DATASET section start

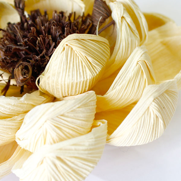 とうもろこしの葉を一枚一張り合わせて、蓮の花を表現したハンドメイドアイテム。
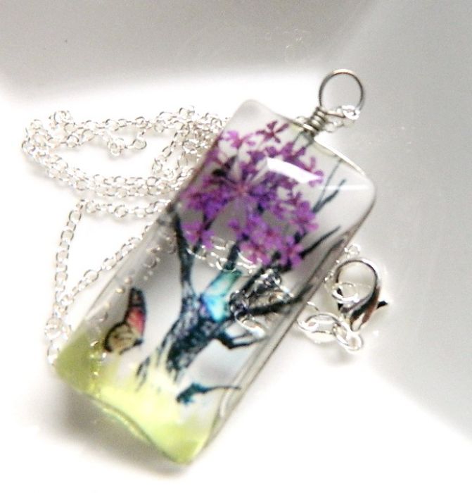 Nazwa produktu: Kwiaty zatopione w szkle, wisiorek na łańcuszku
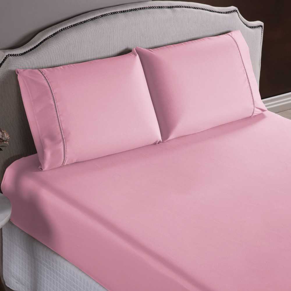 Jogo de Lençol 3 Peças Ponto Palito Em Tecido Percal 400 Fios King/Queen/Casal/Solteiro Com Elástico
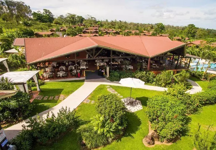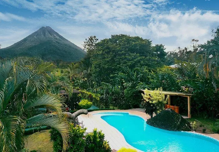 Majoitukseen sisältyvä aamiainen tarjoillaan hotellin katetussa ulkoilmaravintolassa, josta avautuu hurmaava näköala ympäröivään luontoon. Ravintolassa tarjoillaan myös lounasta ja illallista. Keskellä hotellin rehevää puutarhaa on uima-allas, joka kutsuu virkistäytymään tai rentoutumaan aurinkotuolissa Arenal-tulivuoren upeissa maisemissa.
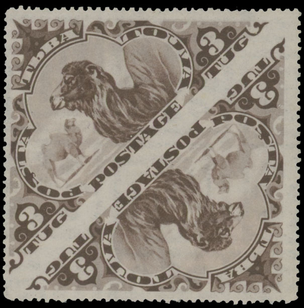 1935, Bactrian Camels, 3t brown, vertical tete-beche pair of triangle values, imperforate diagonally between stamps, full OG, LH, VF and rare, Est. $300-$400 , Scott #69 var
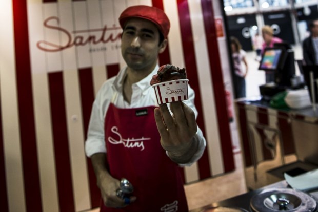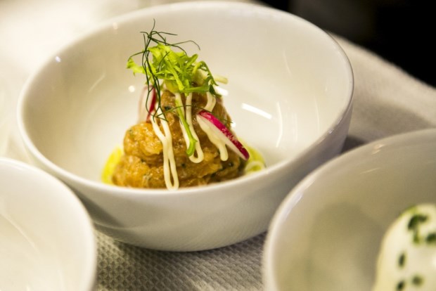 À entrada há três esplanadas – Trincas (do The Decadente), Aloma, Azul – e tudo estava organizado para que os convidados entrassem no interior pela zona dos chefs, onde se pode comer por uma média entre os 8 e os 15 euros. Alexandre Silva, Miguel Castro e Silva, Henrique Sá Pessoa, Marlene Vieira e Vítor Claro alinham-se num dos topos, lado a lado, com diferentes propostas de cozinha de autor. Alexandre Silva quer trabalhar os produtos que se vendem no próprio mercado, por onde promete passar todos os dias; Miguel Castro e Silva vai ter petiscos, entre os quais tostadas, empadas, pastéis, francesinhas, e depois pratos com base em arroz ou à Brás (na sexta circulava pela festa um à Brás de pato); Sá Pessoa vai apresentar pratos da sua autoria adaptados a um espaço como este, como uma sanduíche de leitão ou um tártaro de robalo com abacate e manga.
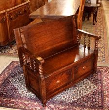 English Antique Jacobean Carved Oak Bench w/ Storage / Table
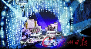 在这座纽约建筑师大维·洛克威尔设计的紫蓝色舞台上,装饰异常华丽,天花板上垂下的吊灯也闪闪发亮,为舞台增添幻想色彩。洛克威尔对此表示满意,认为这就是他设计概念中的那个“超现实风格的舞台”。
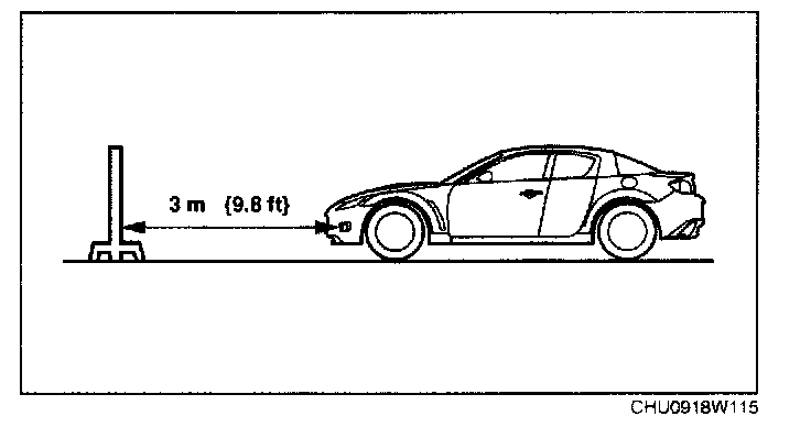 5. Set the fog lights 3 m {9.8 ft} from the white screen.
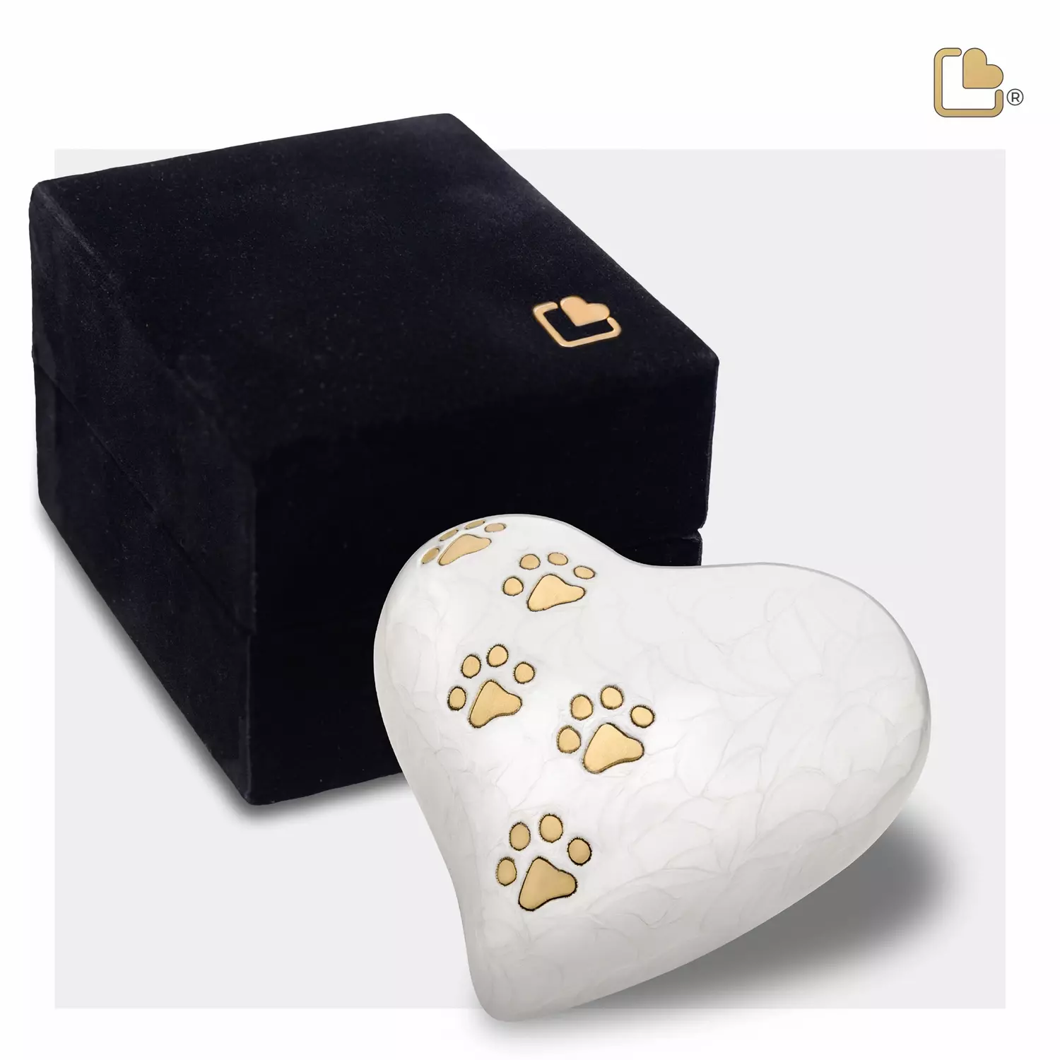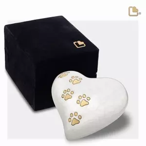 P638K Keepsake Heart Pet Urn Pearl White & Bru Gold | Vol. 0.05 Liter | L 7 Cms W 8 Cms H 3 Cms | Brass | PearlCoat™
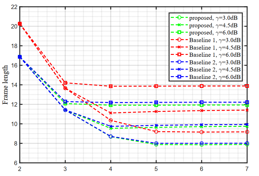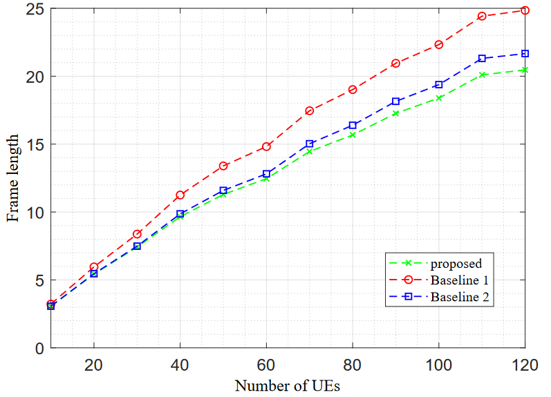 當n = 10時,所提出的算法和baseline1相較于baseline2,分別將幀長度減少了5.03%和4.9%。當n = 70時,這一比例分別上升至17.19%和13.91%。
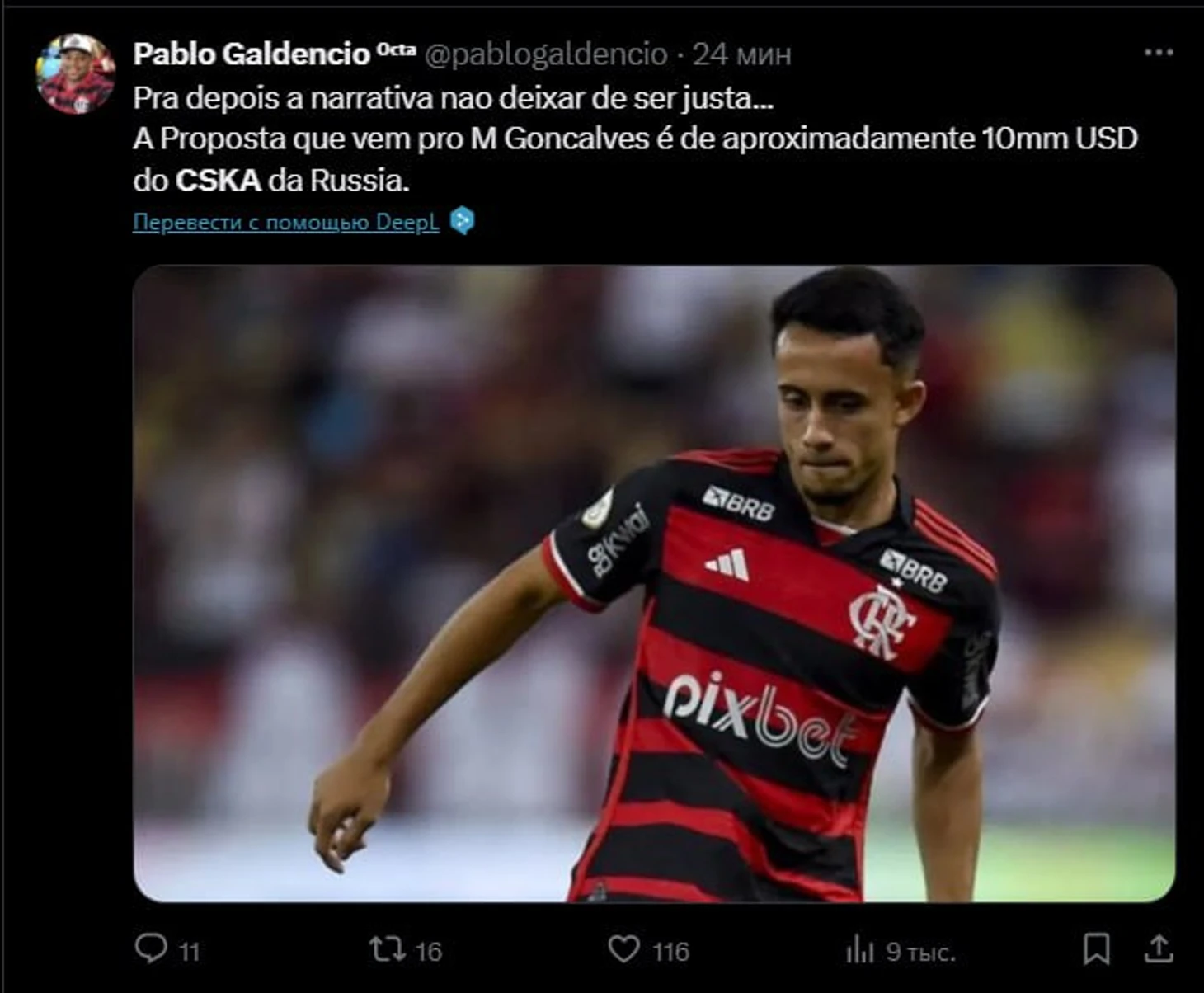 Также на 19-летнего крайнего нападающего претендует Крузейро — конкурент Фламенго за чемпионство в Серии А (разница между ними всего один балл). У них красно-черные запросили за своего воспитанника 8 млн евро.

DATASET section end

DIRECTIONS:
Skip the pictures and quote each line of the entries above, from the first through the line with "1935, Bactrian Camels, 3t", exactly as it appears.

RESULT OF THE TASK:
 とうもろこしの葉を一枚一張り合わせて、蓮の花を表現したハンドメイドアイテム。
 Nazwa produktu: Kwiaty zatopione w szkle, wisiorek na łańcuszku
 Jogo de Lençol 3 Peças Ponto Palito Em Tecido Percal 400 Fios King/Queen/Casal/Solteiro Com Elástico
 Majoitukseen sisältyvä aamiainen tarjoillaan hotellin katetussa ulkoilmaravintolassa, josta avautuu hurmaava näköala ympäröivään luontoon. Ravintolassa tarjoillaan myös lounasta ja illallista. Keskellä hotellin rehevää puutarhaa on uima-allas, joka kutsuu virkistäytymään tai rentoutumaan aurinkotuolissa Arenal-tulivuoren upeissa maisemissa.
 1935, Bactrian Camels, 3t brown, vertical tete-beche pair of triangle values, imperforate diagonally between stamps, full OG, LH, VF and rare, Est. $300-$400 , Scott #69 var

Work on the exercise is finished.